What the task requires:
It is required that the lines from the top of the listing through the line with "鞍鋼總醫(yī)院援鄂醫(yī)療隊護士曲慧寫給母親的家書" be reproduced exactly, excluding pictures.

********

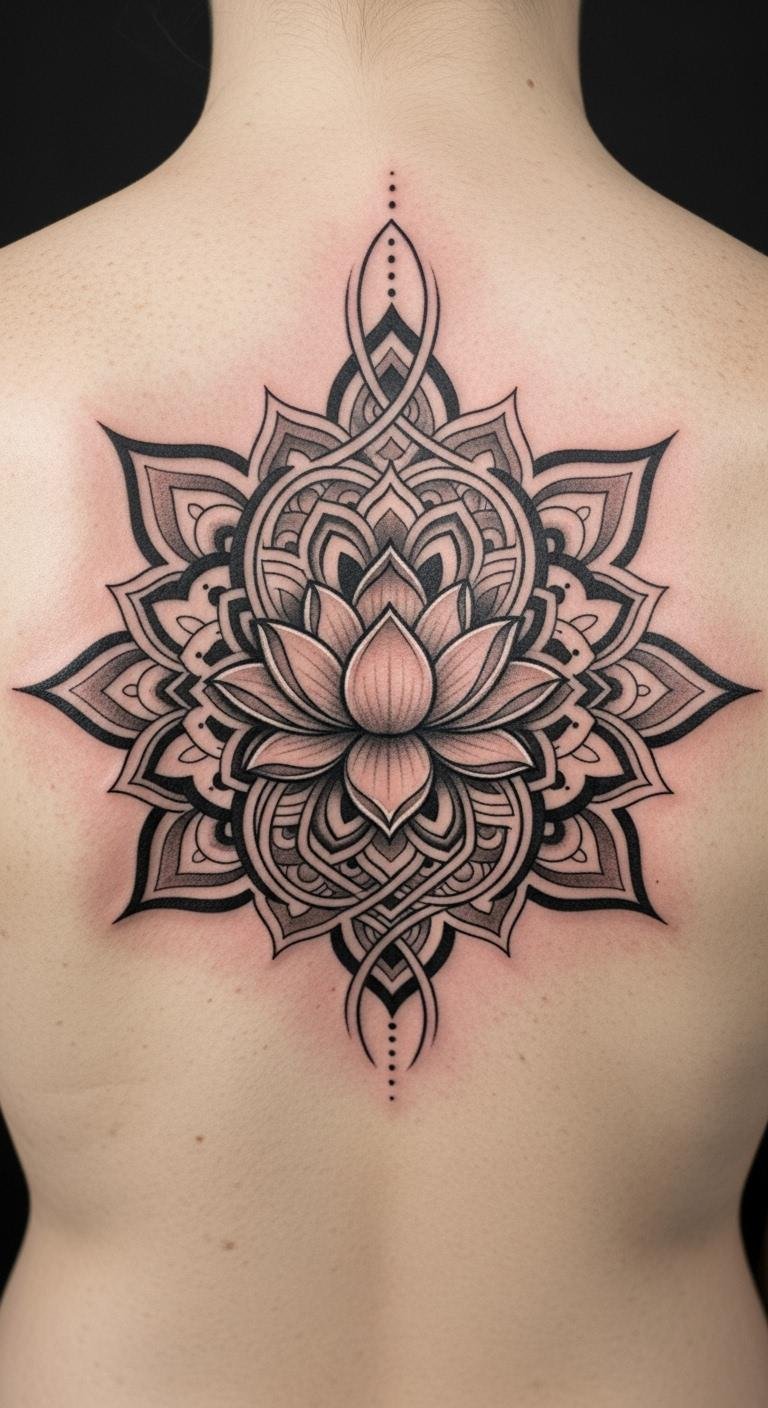 This tattoo symbolizes the journey of spiritual growth and resilience. The mandala represents the universe and the interconnectedness of all things, while the lotus flower signifies rising above challenges and achieving enlightenment.
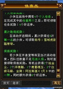 组队1人变身,其余人帮忙干仗。有任务和排名,奖励不同给。主要包含好运券、绘金尘、淬魂髓、鹿蜀魂玉、白银马鞍和限时坐骑:阿拉斯基。
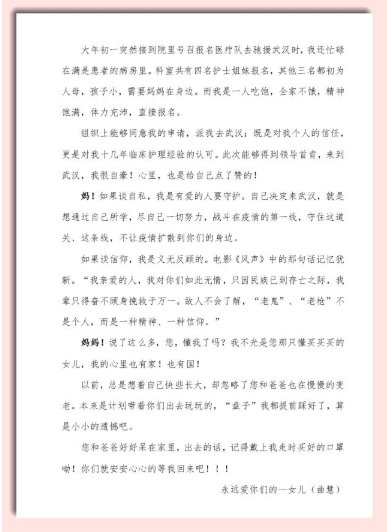 鞍鋼總醫(yī)院援鄂醫(yī)療隊護士曲慧寫給母親的家書
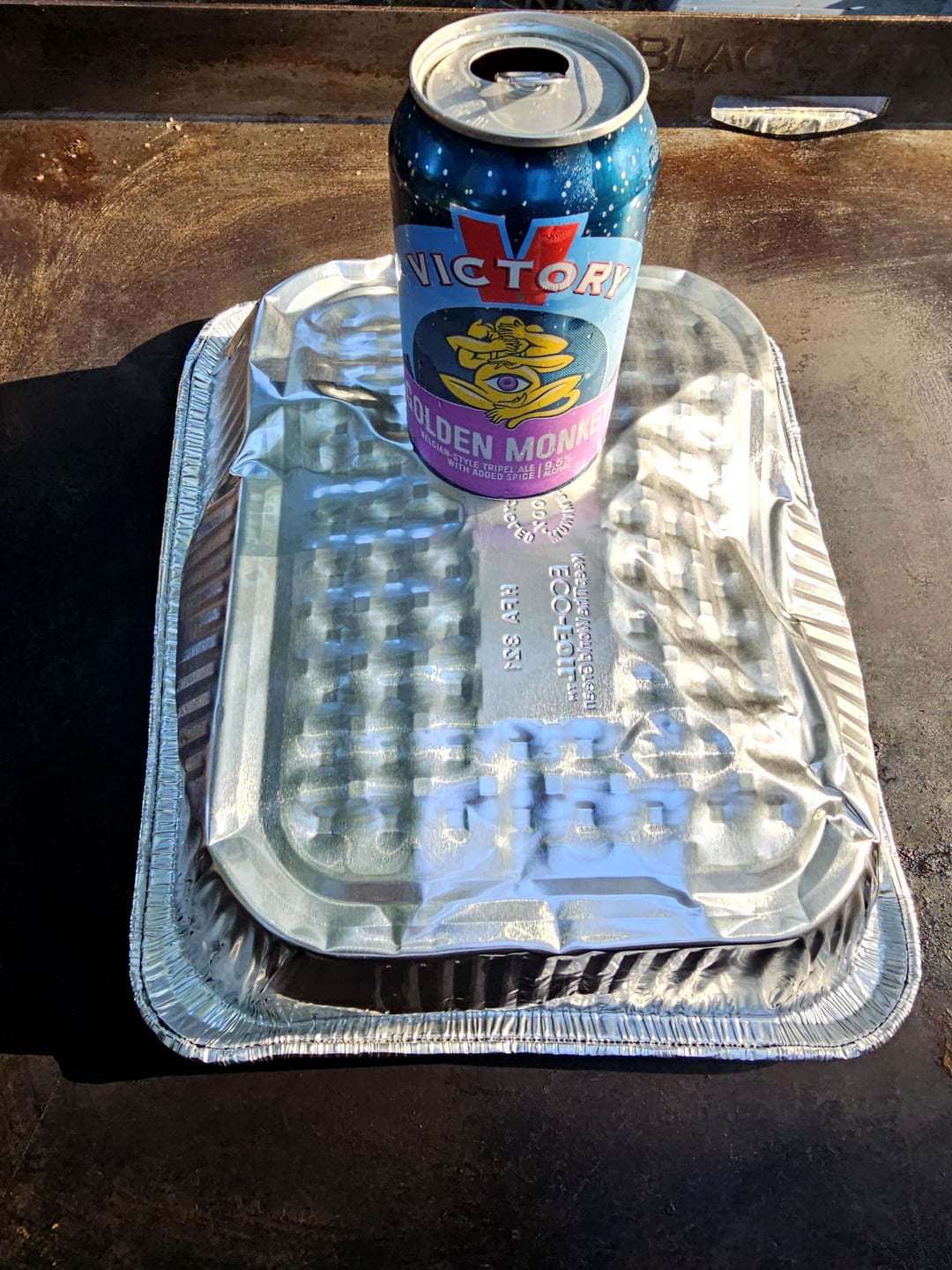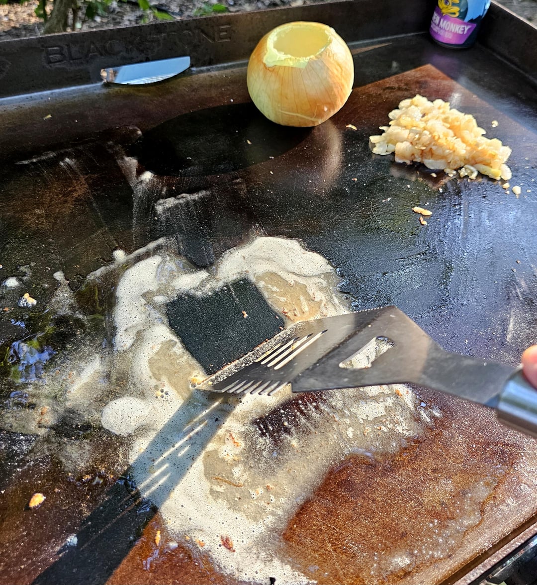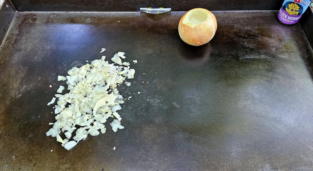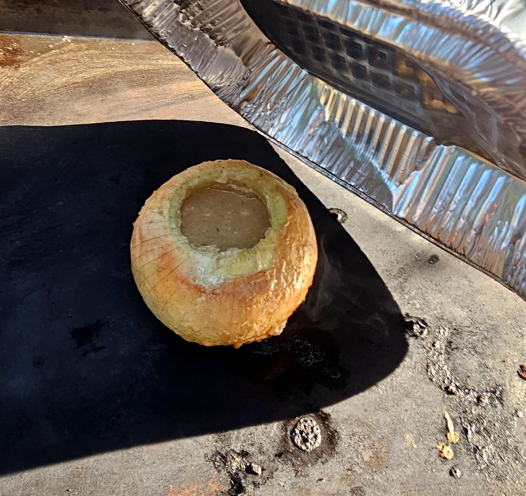 You're going to want a hot and warm side…toss the onion and garlic on the warm side with the hollow onion to get it preheated 🤣
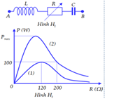 Cho đoạn mạch AB như hình H1 với L là cuộn cảm thuần, R là biến trở. Đặt vào hai đầu đoạn mạch điện áp xoay chiều có biểu thức u = \(U\sqrt{2}cos2\pi ft\)(V), U không đổi nhưng f có thể thay đổi được. Hình H2 là đồ thị biểu diễn sự phụ thuộc của công suất tiêu thụ điện của mạch theo R là đường (1) khi f = f1 và là đường (2) khi f = f2. Bỏ qua điện trở của dây nối. Giá trị của Pmax gần nhất với giá trị nào sau đây ?
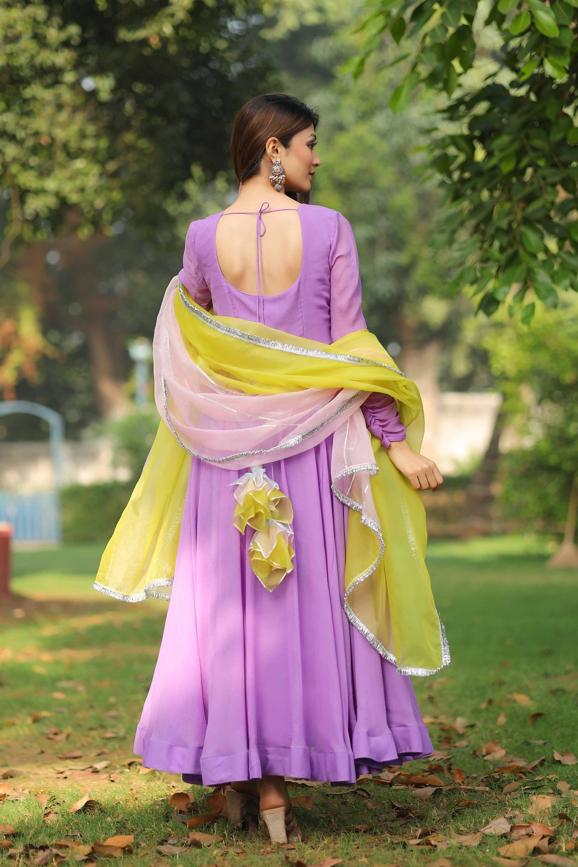 Embrace ethereal beauty with our sofiya Lilac Georgette Anarkali, adorned with authentic mirror embroidery on the yoke, showcasing meticulous craftsmanship. Accompanied by a multi-colored Organza Dupatta with exquisite gotta Zari work, this ensemble radiates elegance and charm. Perfect for festive occasions, it is a must-have piece that blends traditional artistry with contemporary style, ensuring you stand out in every gathering.
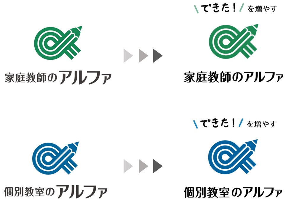 プロ講師による完全オーダーメイド指導の家庭教師や個別教室。勉強嫌い克服・成績アップ・受験対策など、1対1の完全個別指導でお子さまの「できたを増やす」株式会社アルファコーポレーション(本社:東京都豊島区、代表取締役:吉田俊泰)では、この度サービスロゴをリニューアルします!
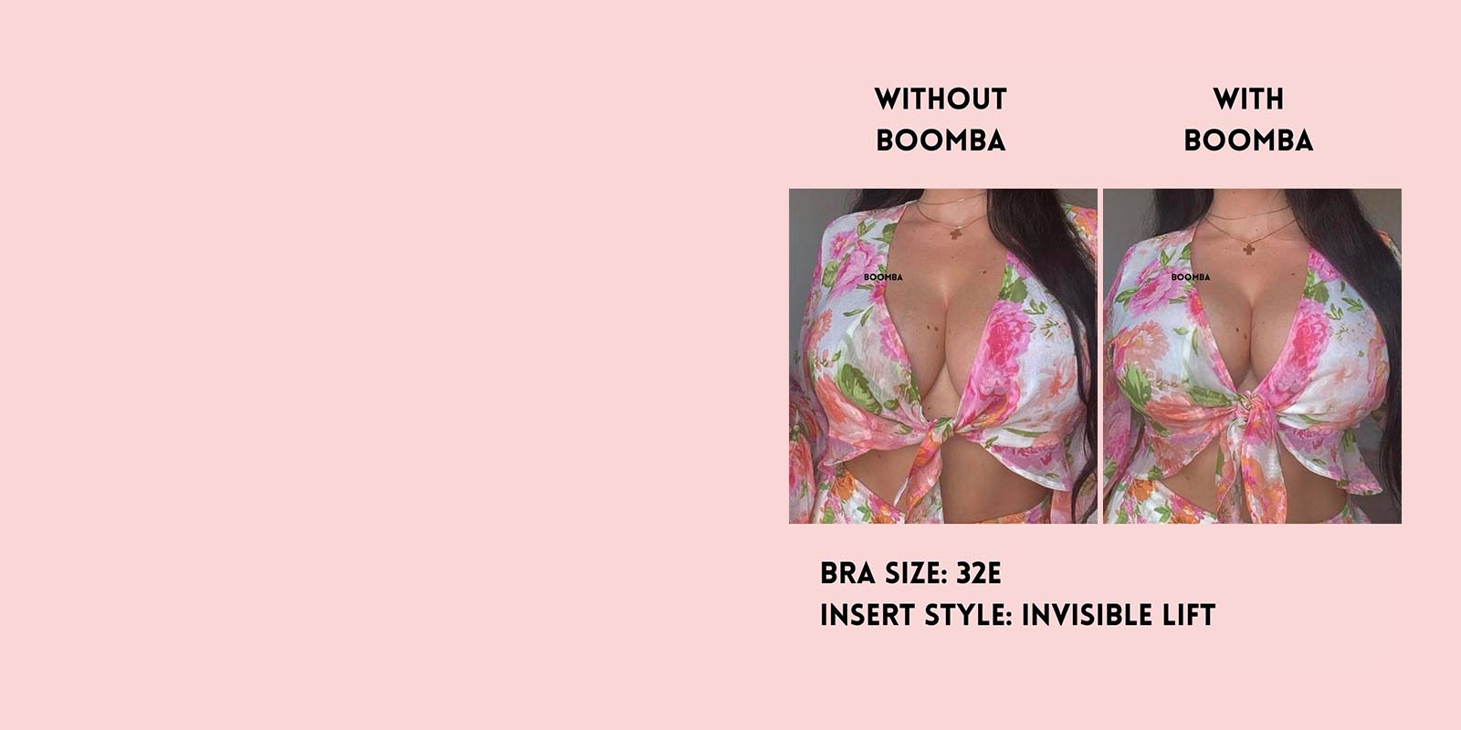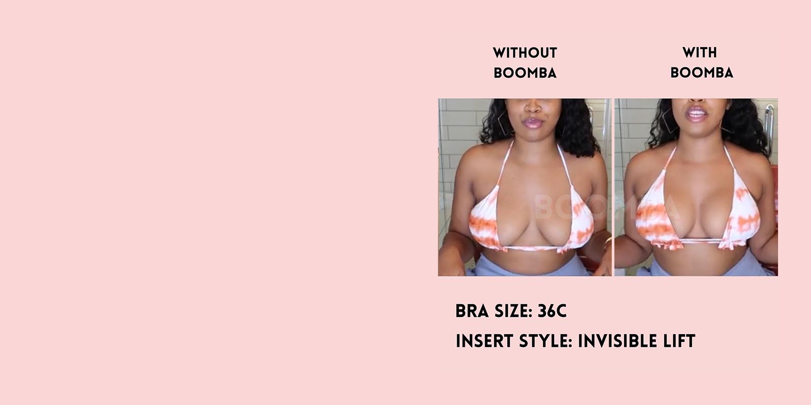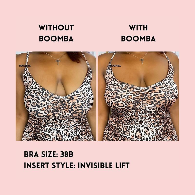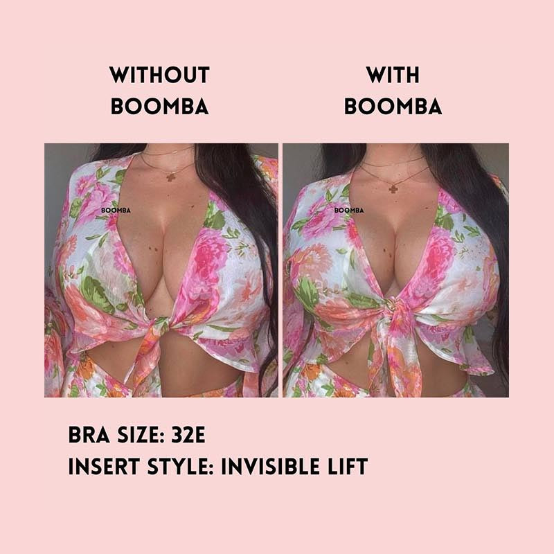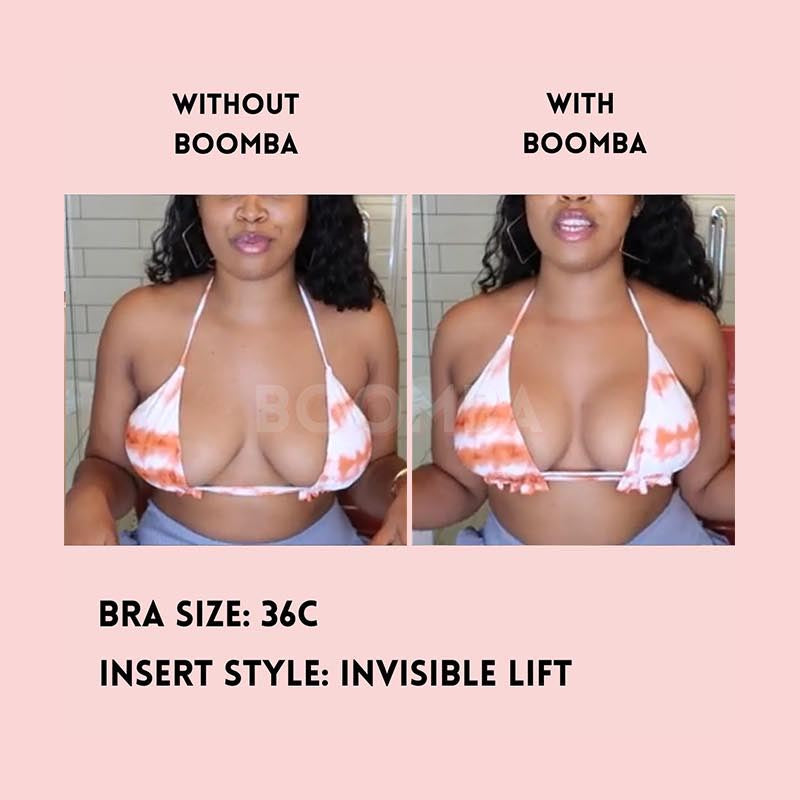 Please note that results may vary depending on breast size and shape. Results will be similar to a double push-up bra. BOOMBA results work best with natural breasts. Invisible Lift Inserts come in two sizes (small and medium). Size small is suitable for cup sizes A / B / C and size medium is suitable for sizes D / E.

********

Solution:
 This tattoo symbolizes the journey of spiritual growth and resilience. The mandala represents the universe and the interconnectedness of all things, while the lotus flower signifies rising above challenges and achieving enlightenment.
 组队1人变身,其余人帮忙干仗。有任务和排名,奖励不同给。主要包含好运券、绘金尘、淬魂髓、鹿蜀魂玉、白银马鞍和限时坐骑:阿拉斯基。
 鞍鋼總醫(yī)院援鄂醫(yī)療隊護士曲慧寫給母親的家書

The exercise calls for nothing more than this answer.